Il mistero pasquale di Gesù, la sua morte e risurrezione, è il punto da cui vanno lette tutte le Scritture. San Girolamo affermava con forza: «L’ignoranza delle Scritture è ignoranza di Cristo». La Bibbia è lo strumento con cui Dio parla ogni giorno ai fedeli, diventando stimolo e sorgente della vita cristiana.
Vito Mancuso, "Gesù e Cristo"
L'Interpretazione della Parola: Esegesi e Tradizione
Il termine «esegesi», dal greco, significa «tirare fuori»: è il lavoro con cui si trova il senso che l’autore ha voluto dare al suo parlare. Esistono vari livelli di lettura:
| Metodo | Descrizione |
|---|---|
| Peshât | Il senso letterale o storico della parola, che richiede critica testuale e letteraria. |
| Derash / Midrash | La ricerca del significato più profondo, spirituale e nascosto del testo. |
| Tipologia | Vedere in personaggi ed eventi dell’Antico Testamento dei «tipi» o prefigurazioni di Cristo e della nuova alleanza. |
Nessuna interpretazione può essere totalmente individuale. La Parola va letta nello Spirito che l’ha composta e in comunione con la Tradizione ecclesiale. San Girolamo sottolineava la necessità di rimanere uniti alla «Cattedra di san Pietro», poiché su quella pietra è edificata la Chiesa. Solo chi accetta di lasciarsi interpellare dalla presenza che abita il testo sacro può scoprirvi una voce che parla al suo cuore.
Simbolismo Cristiano nella Vita Quotidiana
I simboli cristiani si incontrano spesso nella vita di tutti i giorni e portano messaggi profondi legati alla fede e alla speranza:
- Il Pesce (ICHTHYS): Uno dei simboli più antichi, usato come codice segreto dai primi cristiani; ogni lettera rappresentava una parola associata a Gesù.

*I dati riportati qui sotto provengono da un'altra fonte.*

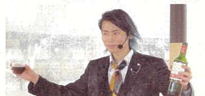
1/8 (日) AKIRA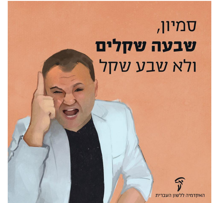
האקדמיה ללשון העברית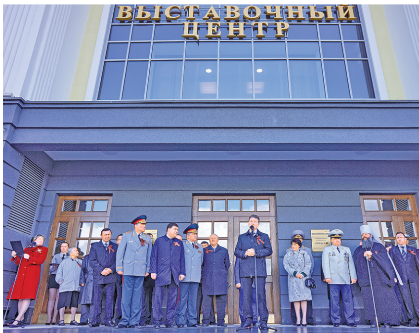
Открытию выставочного центра участвовали первые лица Свердловской области.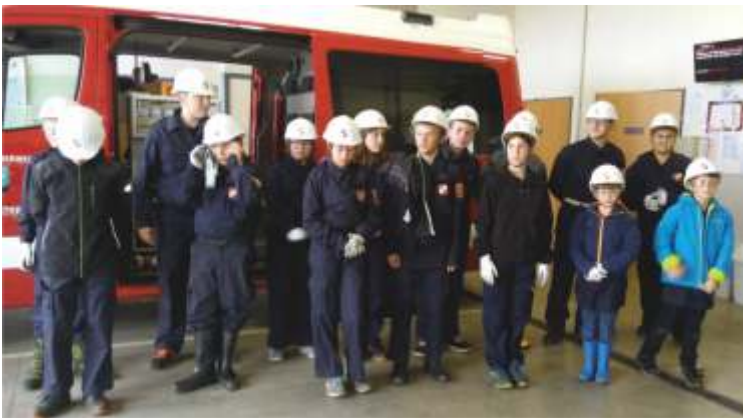
Die Truppe beim „Einchecken“ in die Einsatzzentrale.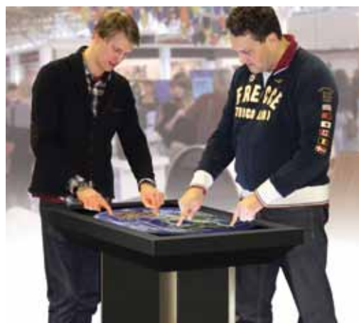
Aplicación para mesa interactiva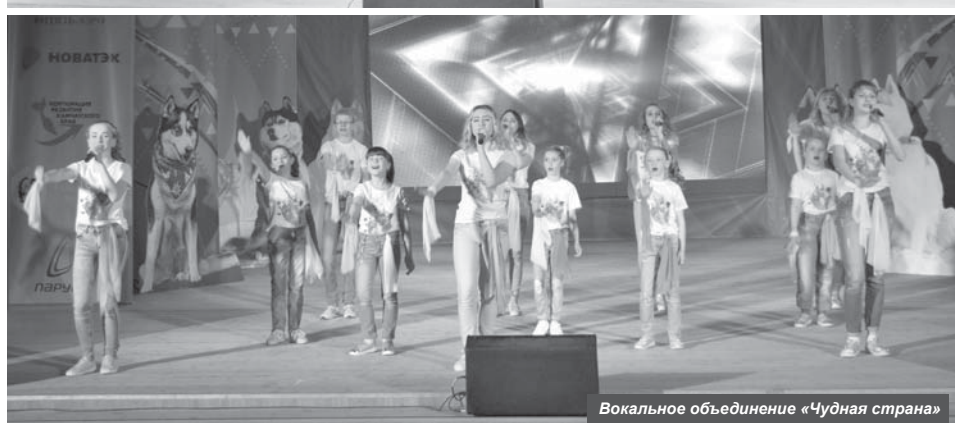
Вокальное объединение «Чудная страна»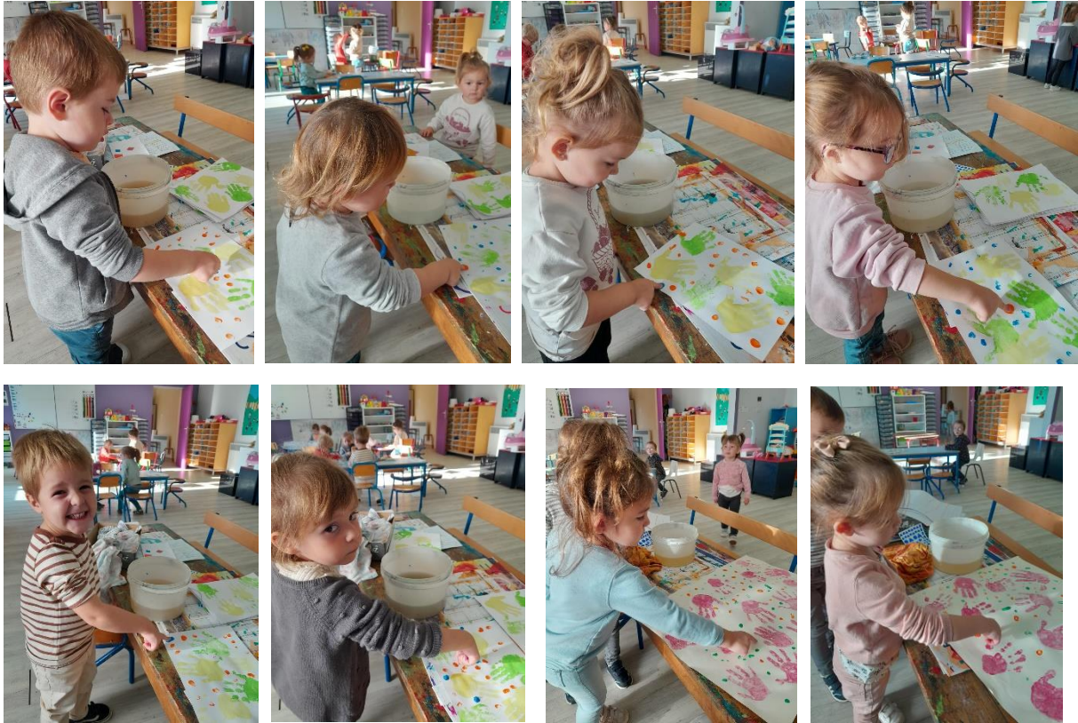
Les MS ont raclé un mélange de colle et d'encre, sur leurs lignes verticales.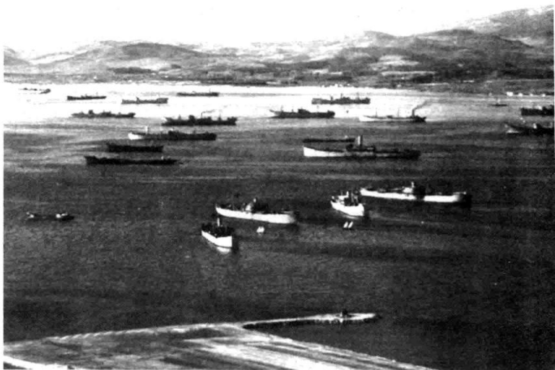
在直布罗陀海峡附近游弋的英国船队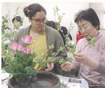
各クラブで日本の文化を体験しました。華道部・剣道部・弓道部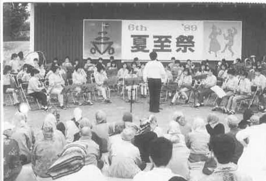
▲当別中学校吹奏学部によるグリーンコンサートで夏至祭が開幕

スウェーデンとの交流を深めようと、獅子内のスウェーデン交流センターで、6月25日、日本で唯一といわれる「夏至祭」が、また、7月16日・17日の両日地場産業の活性化を図ろうと、本通商店街の歩行者天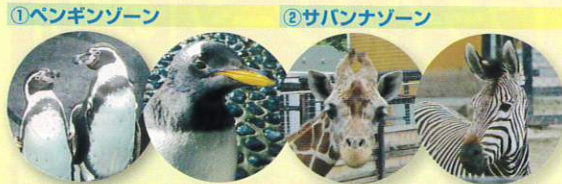
①ペンギンゾーン ②サバンナゾーン フンボルトペンギン ジェンツーペンギン アミメキリン ハートマンヤマシマウマ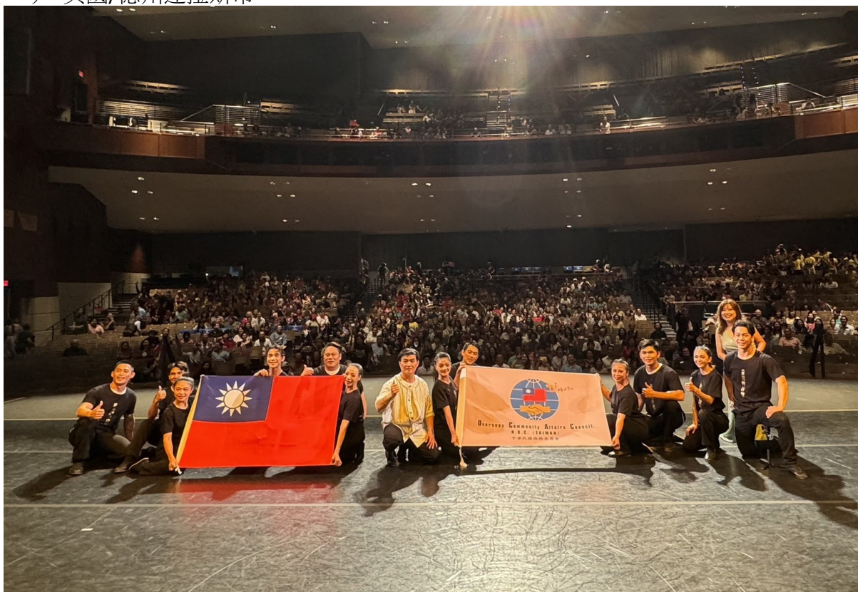
圖 1-1 表演團隊與現場 1,200 名觀眾合影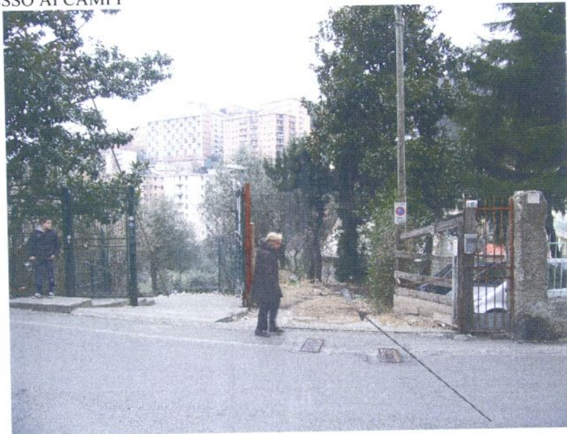
VISTA DELL'ACCESSO DA VIA TANINI 11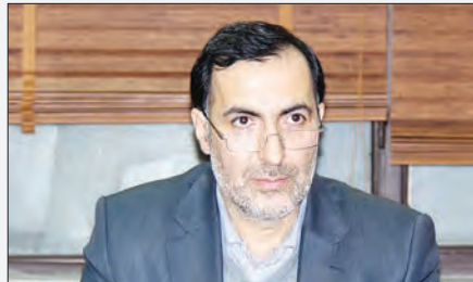
دبیر کل جمعیت هلال احمر گفت: «اگر در مان اضطراری حضور موثر و اثربخش نداشته باشیم مردم آسیب می‌بینند»...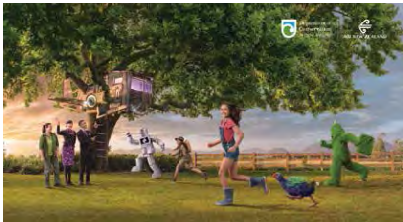
▲紐西蘭航空發布最新飛行安全宣導短片「A Journey to Safety一起安心啟航」。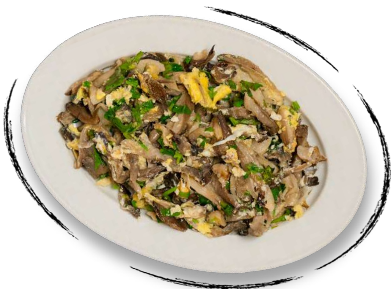
ЖАРЕННЫЕ ДРЕВЕСНЫЕ ГРИБЫ AMD 2500 / 1500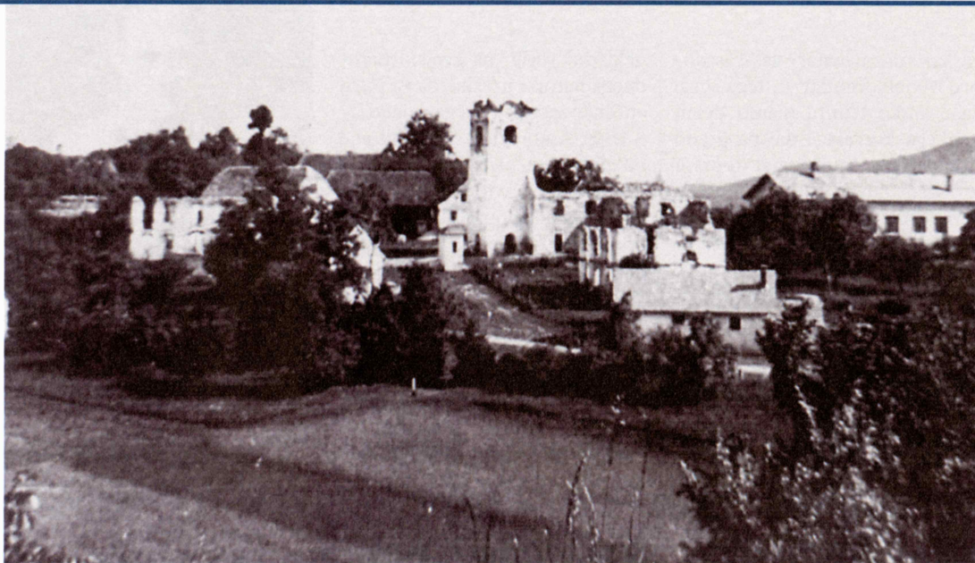
Ajdovec po vojni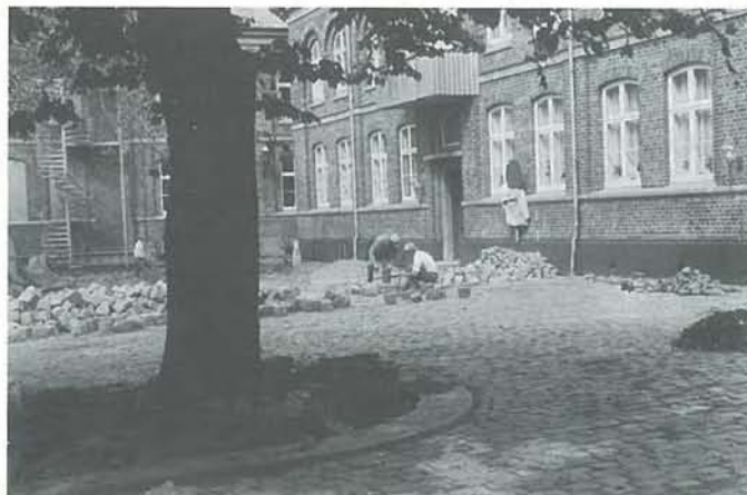
Kirkepladsen får i denne tid ny brolægning.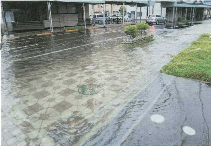
・歩道より(正面は朝日生命ビル)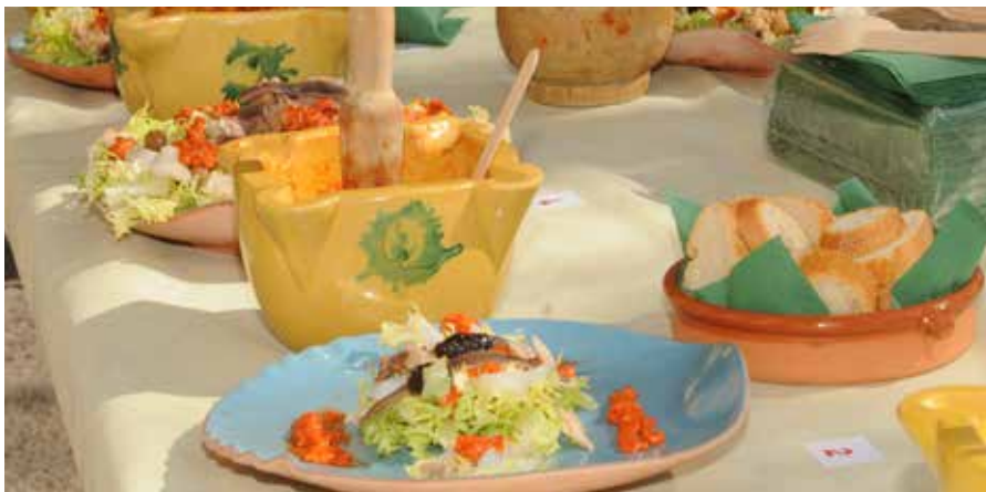
Mostra de plats participants al concurs de mestres xatonaires de l'edició 2019.

El Mes del Xató compta novament amb la col·laboració de l'agència de desenvolupament econòmic NODE Garraf i del projecte Xarxa Productes de la Terra, una proposta que dona suport a persones que es dediquen professionalment a produir i transformar productes alimentaris lligats al territori amb criteris de qualitat i proximitat. ●

- L'Ancora: Segno di speranza che assicura che il cristiano non soccomba nelle tempeste della vita, aiutandolo a raggiungere il porto della redenzione.
- La Vite e il Vino: Simboleggiano il legame vitale tra i credenti e Gesù («Io sono la vite, voi siete i tralci»).
- L'Agnello di Dio: Simbolo del sacrificio di Gesù che redime l'umanità dai peccati.
- La Colomba: Segno dello Spirito Santo e della riconciliazione con Dio.
La verità nella Bibbia non è un mero concetto intellettuale, ma si fonda sull’esperienza religiosa dell’incontro con Dio. Essa dice la verità quando insegna il vero volto di Dio e il senso del destino dell’uomo, parlando il linguaggio della fede e della carità.